S = RandStream('mt19937ar');
RandStream.setDefaultStream(S);
x = randn(100,1);
% get autocorrelation of white noise
[C,lags] = xcorr(x,x,50,'coeff');
stem(lags(51:end),C(51:end),'markerfacecolor',[0 0 1])
line(lags(51:end),-1.96/sqrt(100)*ones(51,1),'color',[1 0 0])
line(lags(51:end),1.96/sqrt(100)*ones(51,1),'color',[1 0 0])

Note that even though the autocorrelation estimates at nonzero lags are not zero (as you would expect from an estimate), they are within the 95% confidence intervals (save for one lag) so would you NOT reject the null hypothesis that it's white noise.

Hope that helps,
Wayne

Subject: Need to assess temporal correlation of multivariate time series

From: Kirk

Date: 29 Jan, 2010 20:06:05

Message: 6 of 8

"Wayne King" <wmkingty@gmail.com> wrote in message <hjv70o$6d2$1@fred.mathworks.com>...
> "Kirk" <kwythers.nospam@umn.edu> wrote in message <hjv52s$169$1@fred.mathworks.com>...
> > "Wayne King" <wmkingty@gmail.com> wrote in message <hjtari$t03$1@fred.mathworks.com>...
> > > "Kirk" <kwythers.nospam@umn.edu> wrote in message <hjsfl0$8n3$1@fred.mathworks.com>...
> > > > I have a data set of 4 climate variables (columns) recorded as monthly observations (rows). The variables are correlated within observations (across any given row), but I need to test the independence of those observations are over time (down any given column). In other words, I can show that tmax, tmin, solar radiation and precipitation are all correlated in any given month (row). However, does the fact that July had a higher than average tmax, make it more likely that August will also have a higher than average tmax.
> > >
> > > Hi Kirk,
> > >
> > > Frank has given you good advice to look at xcorr() to estimate the cross correlation between your time series. If you use the normalization option 'coeff', you can construct confidence intervals for determining whether the cross correlation is significantly different from zero. The large-sample distribution of the cross correlation coefficient under the null hypothesis that at least one of the time series is white noise is N(0,1/N) (variance is 1/N), where N is the length of the time series. So for an approximate 95% confidence interval you have +/- 1.96/sqrt(N). You can also use the magnitude squared coherence (see mscohere() in the Signal Processing Toolbox) for frequency domain correlation between two series.
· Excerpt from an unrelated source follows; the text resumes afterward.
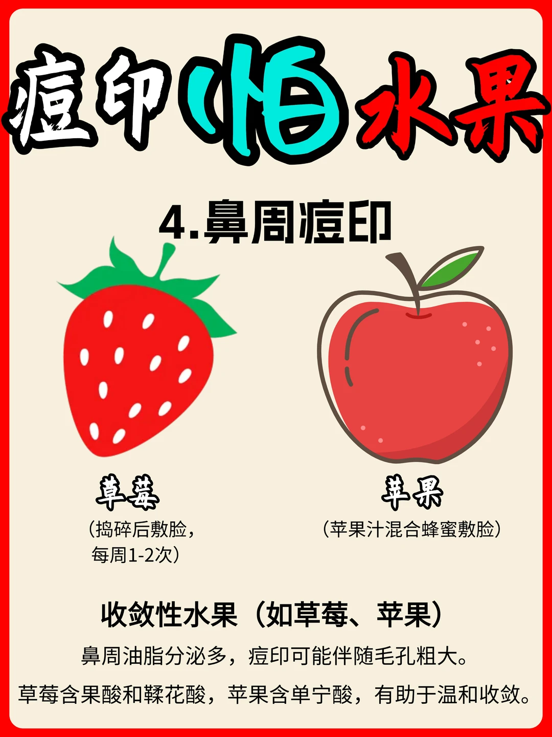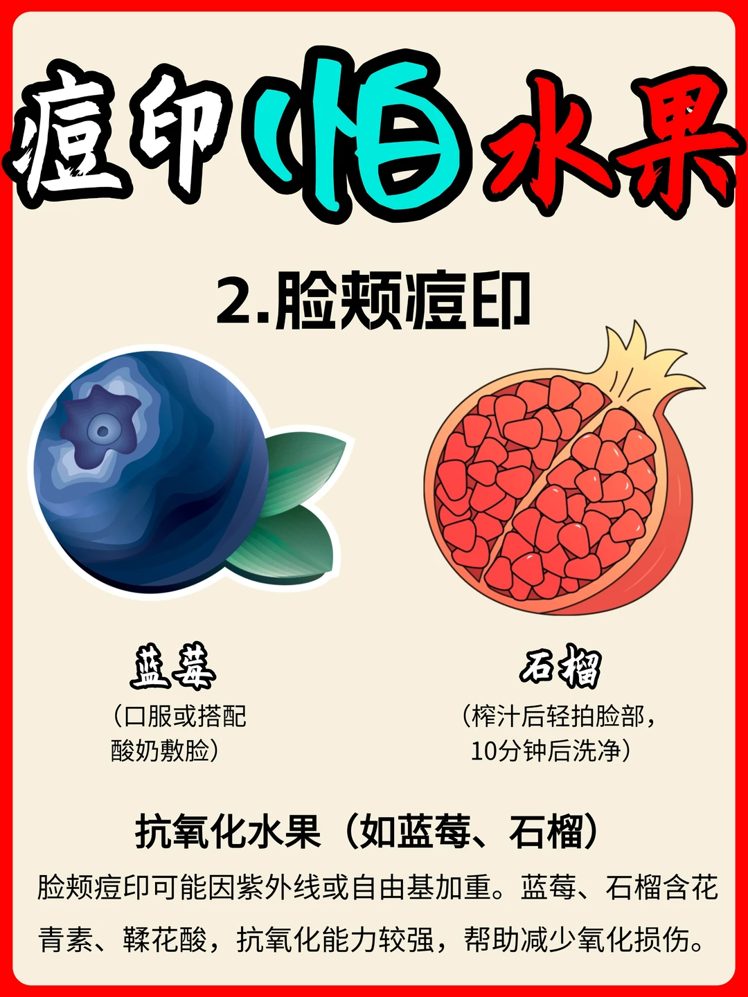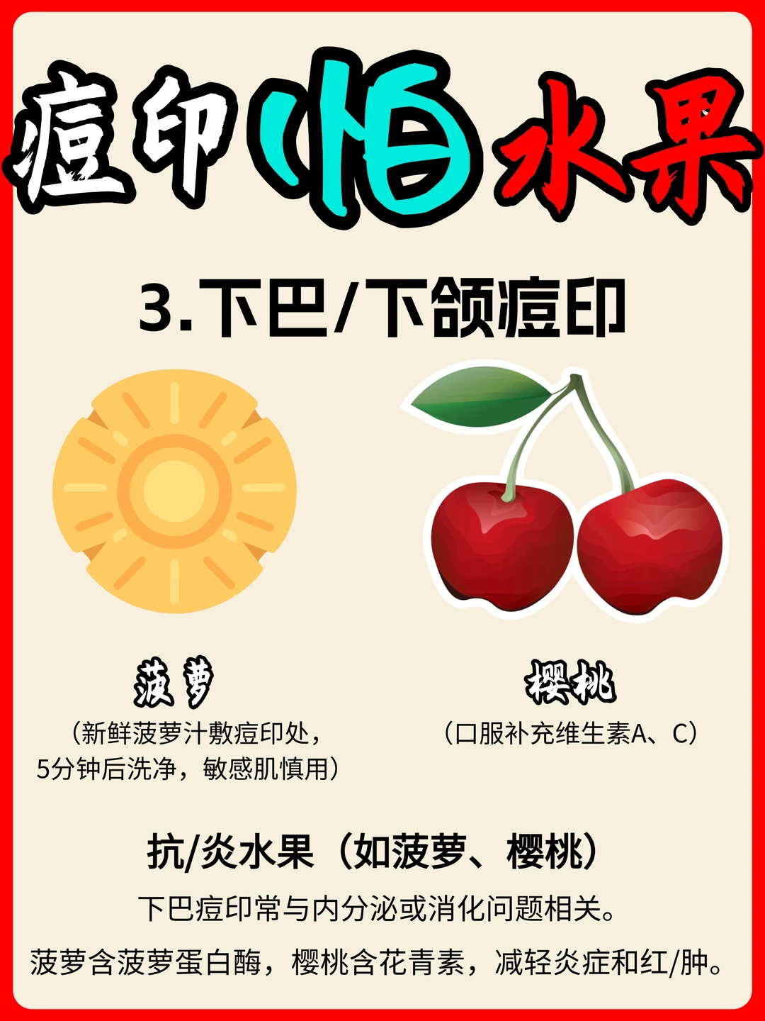 💡额头痘印:熬夜党必备!柠檬/猕猴桃榨汁湿敷(需稀释),高维C狙击黑色素~ 🍍下巴痘印:菠萝蛋白酶+樱桃花青素,消炎王者!果汁敷5分钟,内服双倍见效。 🫐脸颊痘印:蓝莓酸奶面膜+石榴汁拍脸,花青素抗氧救星,紫外线损伤退退退! 🍓鼻周痘印:草莓果酸泥+苹果蜂蜜膜,收敛毛孔超温和,油脂痘印一起溜~ 🌟Tips:敏感肌先测耐受,水果护肤后记得防晒!
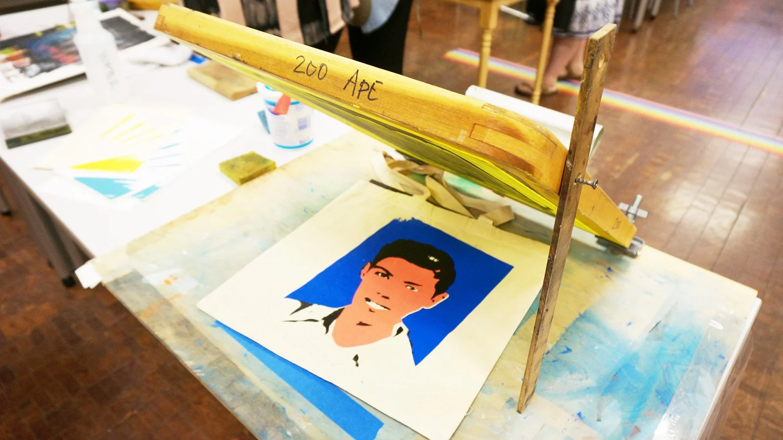 Young Artists and Writers Festival: A mono screen printing portrait workshop, inspired by pop artists past and present. Working with juicy one-of-a-kind color blends, drips, drags, pulls, painting, stencil, and handmade mark making, we combined this colorful and painterly mixed media approach to our individualized portraits on wood panels.

Here is an example of using xcorr() to estimate the cross correlation with approximate 95% confidence intervals.
> > >
> > >
> > > n = 0:99;
> > > x = cos(pi/10*n)+0.5*randn(size(n));
> > > % y is a filtered version of x (and delayed due to the filtering)
> > > y = filter(0.1*ones(10,1),1,x);
> > > [C,lags] = xcorr(x,y,50,'coeff');
> > > stem(lags(51:end),C(51:end),'markerfacecolor',[0 0 1])
> > > line(lags(51:end),-1.96/sqrt(100)*ones(51,1),'color',[1 0 0])
> > > line(lags(51:end),1.96/sqrt(100)*ones(51,1),'color',[1 0 0])
> > >
> > > Hope that helps,
> > > Wayne
> >
> > This is very helpful Wayne. Thank you. If you don't mind I have a few more questions as I try and educate myself at bit. I plotted x and y and can see that both variables follow a general trend with a slight shift in phase. However, I'd like to better understand what each line in the stem plot represents, so that I can get a handle on what the 95% confidence interval is showing.
>
> Hi Kirk,
> The stem plot is just emphasizing that you are estimating a cross-correlation sequence, as opposed to a function, so you only have something defined at the lags. If you compute the autocorrelation (cross-correlation with itself) of a white noise input, then the theoretical (normalized) autocorrelation is 1 at lag zero and zero at all other lags. Since you're estimating the theoretical autocorrelation based on a sample, you can't expect the estimates to be identically zero at nonzero lags. The confidence intervals allow you to make an inference about what is statistically different from zero, i.e. what exhibits correlation.
>
> S = RandStream('mt19937ar');
> RandStream.setDefaultStream(S);
> x = randn(100,1);
> % get autocorrelation of white noise
> [C,lags] = xcorr(x,x,50,'coeff');
> stem(lags(51:end),C(51:end),'markerfacecolor',[0 0 1])
> line(lags(51:end),-1.96/sqrt(100)*ones(51,1),'color',[1 0 0])
> line(lags(51:end),1.96/sqrt(100)*ones(51,1),'color',[1 0 0])
>
> Note that even though the autocorrelation estimates at nonzero lags are not zero (as you would expect from an estimate), they are within the 95% confidence intervals (save for one lag) so would you NOT reject the null hypothesis that it's white noise.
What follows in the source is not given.